I am not a producer, but I can give some ideas on why that idea would not work.

First would be cost.
One of the biggest investments for a kit producer is the cost of the molds.
It is probably second only to the cost of hiring a sculptor.
RTV silicone run around $100 a gallon + shipping.
It is a time consuming process to clay up a sculpt and make the molds.
And if you screw up, you have to toss them and start over again. 

Second would be storage.
Where are you going to keep all of these molds?
Most guys are casting in the garage or basement. These workshops are already filled with things like compressors, vacuum chambers, pressure pots, resin, silicone, vent hoods, and other tools and equipment needed to make molds and cast the kits.
Not to mention the molds that are still currently in use, castings of kits. Master copies of the sculpts, etc.
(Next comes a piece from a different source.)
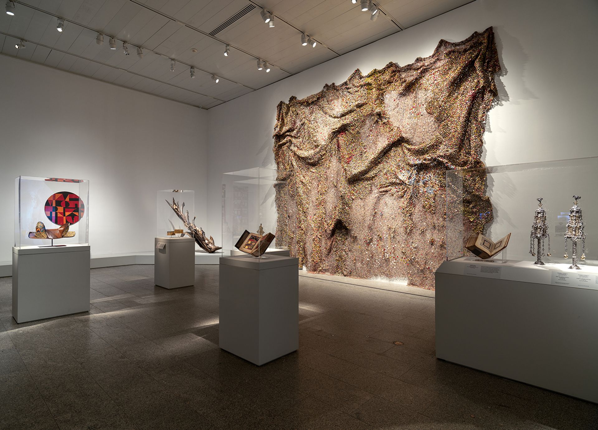 An installation view in Making the Met, 1870-2020, that includes El Anatsui's textile work Dusasa II (2007). Courtesy of Metropolitan Museum of Art
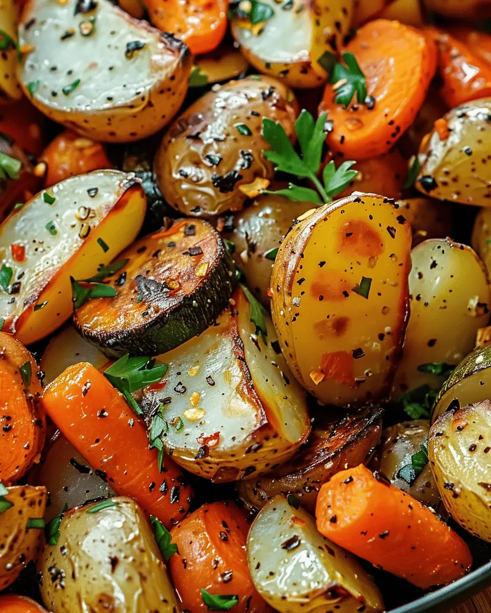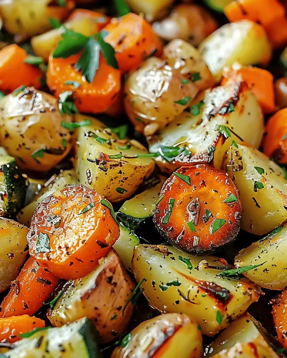 Deliciously roasted potatoes, carrots, and zucchini seasoned with garlic and herbs for a flavorful side dish.

Usually if there is enough demand, producers will remold a kit if the molds burn out and demand is still high. But most of the time, the interest wanes before the molds are done.

Also, a lot of producers get tired of casting the same kits constantly.
They want to do newer / cooler things. So, once the molds burn out they are done with it.
On to newer things.


----------



## mcdougall (Oct 28, 2007)

Todd P. said:


> Hi folks.
> 
> Sorry I've missed this, my personal Internet connection has been offline since last Thursday. I might be back online later this week, might not. Skybeam stinks beyond belief. Until it gets its act together, I have to sneak time on the computer at work.
> 
> ...


My pleasure Todd...
This kit has always been a Wish kit for me...Glad to see it being done. It's a prime example of the untapped possibilities awaiting discovery to be kitted in the literary world of Public Domain... 
Mcdee


----------



## deadmanincfan (Mar 11, 2008)

So I take it you also have an ear-to-ear grin and are rubbing your palms together in gleeful anticipation, Denis?


----------



## mcdougall (Oct 28, 2007)

deadmanincfan said:


> So I take it you also have an ear-to-ear grin and are rubbing your palms together in gleeful anticipation, Denis?


ABSOLUTELY...
Denis


----------



## mcdougall (Oct 28, 2007)

Just got this kit under my Christmas Tree this morning!...
I now officially believe in Santa ;D


















more pics later...right now...Turkey!
Mcdee


----------



## Auroranut (Jan 12, 2008)

Congrats Denis! 
It's another great score mate. 
Todd and his sculptor do beautiful work don't they??

Chris.


----------



## Disco58 (Apr 10, 2011)

McDee -- You have one under the tree, and the rest of us didn't even know they were done and ready for sale? Did the ghost of 'Christmas future' pay you a visit and give you heads up when you could get your 'Christmas present'?


----------



## deadmanincfan (Mar 11, 2008)

Disco58 said:


> McDee -- You have one under the tree, and the rest of us didn't even know they were done and ready for sale? Did the ghost of 'Christmas future' pay you a visit and give you heads up when you could get your 'Christmas present'?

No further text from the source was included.